Избранное | страница 57
Часов около трех я снова был в Сарцане и зашел пообедать в небольшую таверну на окраине. Немного погодя вошли молодые люди, с которыми у меня завязался разговор; я нарисовал одного, они угостили меня вином. Я дал себя уговорить остаться, и с четверкой парней мы отправились пешком в Фортеццу, прекрасно сохранившуюся крепость эпохи Возрождения, расположенную высоко над городом, с головокружительными куртинами, мощными, выступающими далеко вперед равелинами, опоясанную вокруг глубоким рвом, похожим на заросшее травой ледниковое русло. Оттуда мы пошли напрямик через поле в dopolavoro. Dopolavoro — буквально: «после работы» — заведение, которое есть почти в каждом населенном пункте, что-то вроде клуба для отдыха мужчин, где можно ничего не заказывать. Сегодня было воскресенье, и устраивались танцы под патефон. Посреди зала, полного гостей, отвели место для танцев; девушки стояли, робея, вдоль стен.

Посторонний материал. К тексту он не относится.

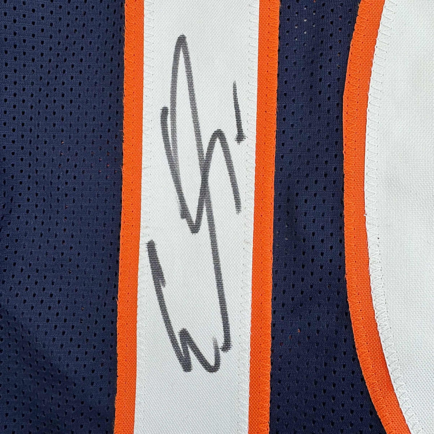 Framed Autographed/Signed Emmanuel Sanders 35x39 Denver Blue Football Jersey JSA COA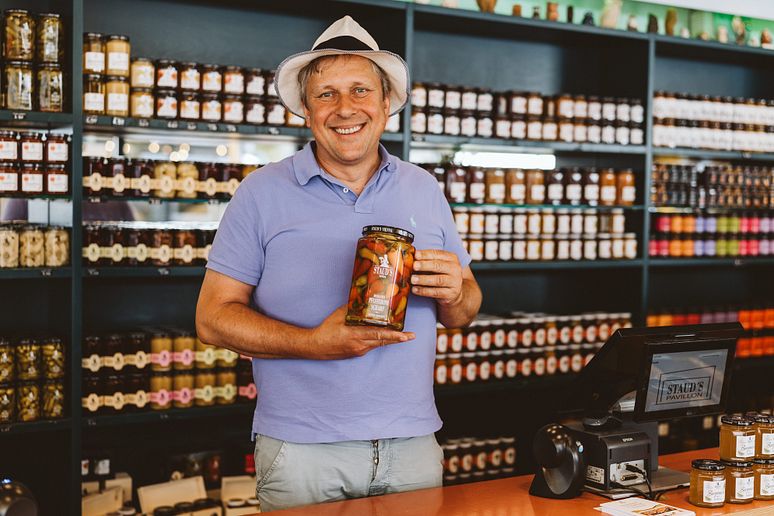 «Les Viennois nous connaissent surtout au travers du Pavillon», explique Stefan Schauer, chez Staud’s depuis 1991 et directeur depuis 2015. La boutique du Brunnenmarkt, dans le quartier d’Ottakring à Vienne, était autrefois un stand de fruits et légumes créé en 1883, à l’époque où l’empereur François-Joseph régnait encore sur la monarchie austro-hongroise. Elle propose l’ensemble de la gamme Staud’s Wien – soit plus de 230 produits sucrés et légèrement acidulés – ainsi que des spécialités de partenaires sélectionnés avec soin. «Les partenariats durables et fondés sur le respect font partie intégrante de notre culture d’entreprise – notamment ceux que nous entretenons avec nos producteurs agricoles. Il est essentiel de préserver, voire de renforcer, l’estime des consommateurs pour les denrées alimentaires de qualité. Aujourd’hui, les gens consacrent en moyenne moins de 10 pour cent de leurs revenus à l’alimentation – contre environ 14 à 15 pour cent il y a encore quelques années», explique Stefan Schauer.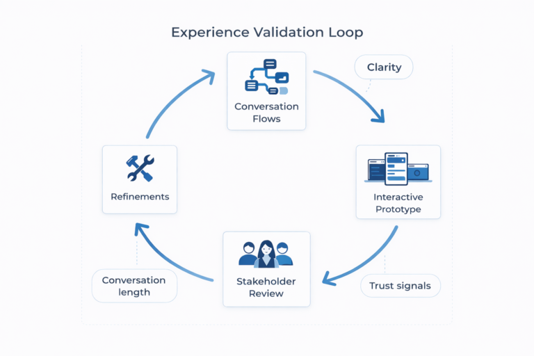 Prototypes were shared with cross-functional stakeholders, including product, engineering, and operational teams, to align on feasibility and technical constraints. Feedback from these sessions informed refinements to both the conversation logic and UI patterns before moving into formal testing.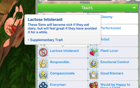 Note: You can still pick it in CAS if you like, but this is so you can have your sim be Lactose Intolerant but still have them have 3 personality traits.

Раза три я причаливал к ним с поклоном, но мое приближение, казалось, производило на них парализующее действие, они застывали, как колонны. Видя это один из моих новых друзей пришел в сильное волнение и стал мне объяснять, что они танцевать хотят, но не смеют. Он упросил одну подружку составить мне компанию, но и на сей раз я остался с носом, так что в конце концов плюнул на всю эту канитель. Тогда ретивый приятель во что бы то ни стало решил принудить меня танцевать с ним самим, и стоило немалого труда убедить его, что у меня от танцев кружится голова. В южных странах танцующие мужчины — обычное дело. Другой парень просто стоял и смотрел, как и я; на мой вопрос, почему он не танцует, он ответил: они не хотят со мной танцевать, потому что я помолвлен.

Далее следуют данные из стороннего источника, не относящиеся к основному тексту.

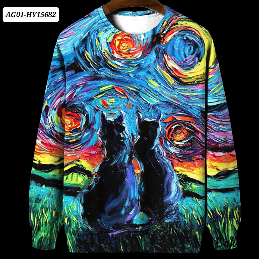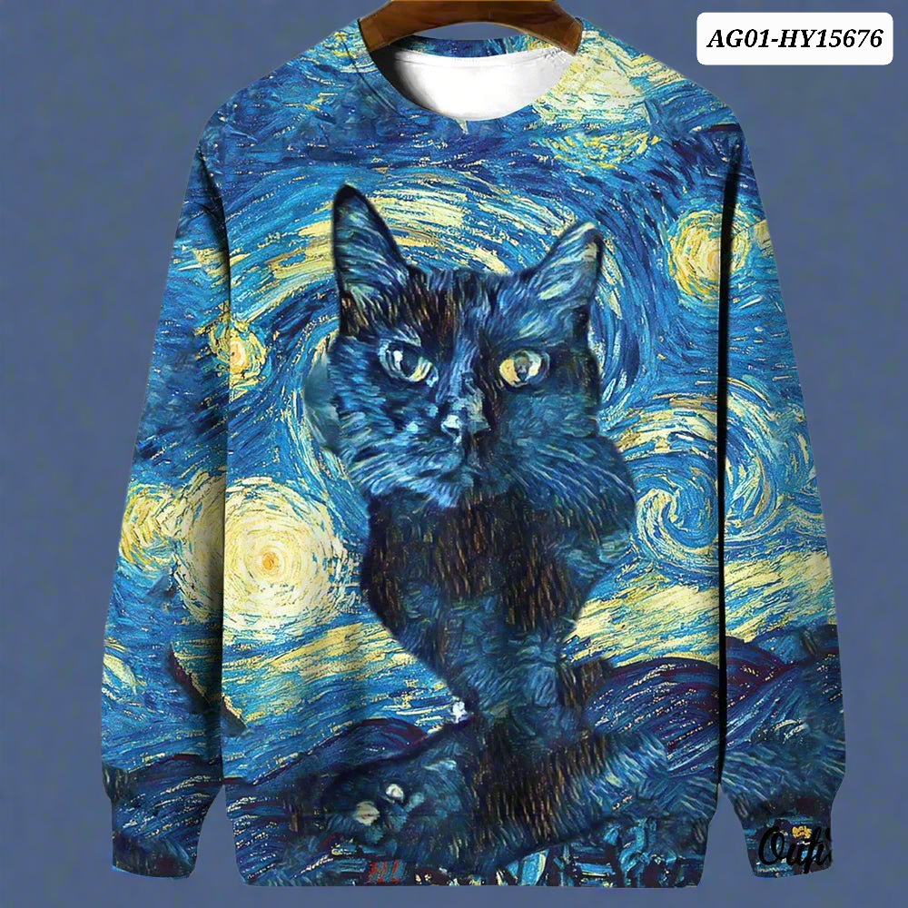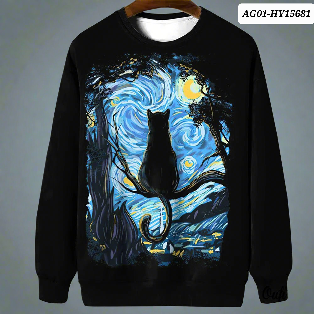 Night Sky Cat Abstract Art Plus Size Included Sweatshirt [SELECTION]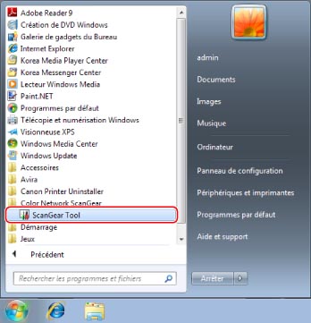 Sous Windows XP, cliquer sur [Démarrer] → [Tous les programmes] → [Color Network ScanGear] → [ScanGear Tool]. Sous Windows Vista/Windows 7, cliquer sur [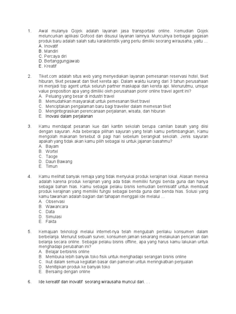 Soal Usbn Usp Sma Smk Prakarya Dan Kewirausahaan 2020 Jawaban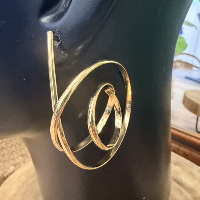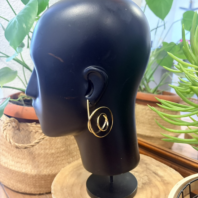 Este diseño en forma de espiral envuelve la oreja con un gesto fluido y contemporáneo, casi como un trazo dibujado en el aire.

В какой-то момент все девушки вдруг метнулись к дверям и в один миг исчезли, словно привидения, которых неслышимый бой невидимых часов гонит прямо из шумного веселья назад в могилы. Тут я неожиданно заметил целую роту мамаш, матрон и других надзирательниц, не спускающих глаз со всего окружения; это был настоящий человечий рынок.

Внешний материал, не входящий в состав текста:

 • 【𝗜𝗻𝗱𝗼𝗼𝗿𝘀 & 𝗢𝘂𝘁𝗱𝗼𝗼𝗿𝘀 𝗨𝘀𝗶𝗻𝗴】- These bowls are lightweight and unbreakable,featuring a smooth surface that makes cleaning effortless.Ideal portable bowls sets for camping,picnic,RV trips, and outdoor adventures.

Потом мы все вернулись в ту же самую таверну, где за длинным столом была задана большая трапеза. Мои застольники пели песни, отбивая ритм ударами кулака по столу, так что им аккомпанировала вся посуда. В итальянских песнях метр более скрытый, чем в наших; для неопытного уха они кажутся вообще лишенными всякого метра и льющимися свободно, как песня дрозда например, но сами итальянцы хорошо его чувствуют. Вот вам одна из вещей, над которыми задумываешься: а нет ли в их жизни какого-то подспудного лада, глубинного порядка, для восприятия которого нам, северянам, просто не хватает соответствующего органа чувств?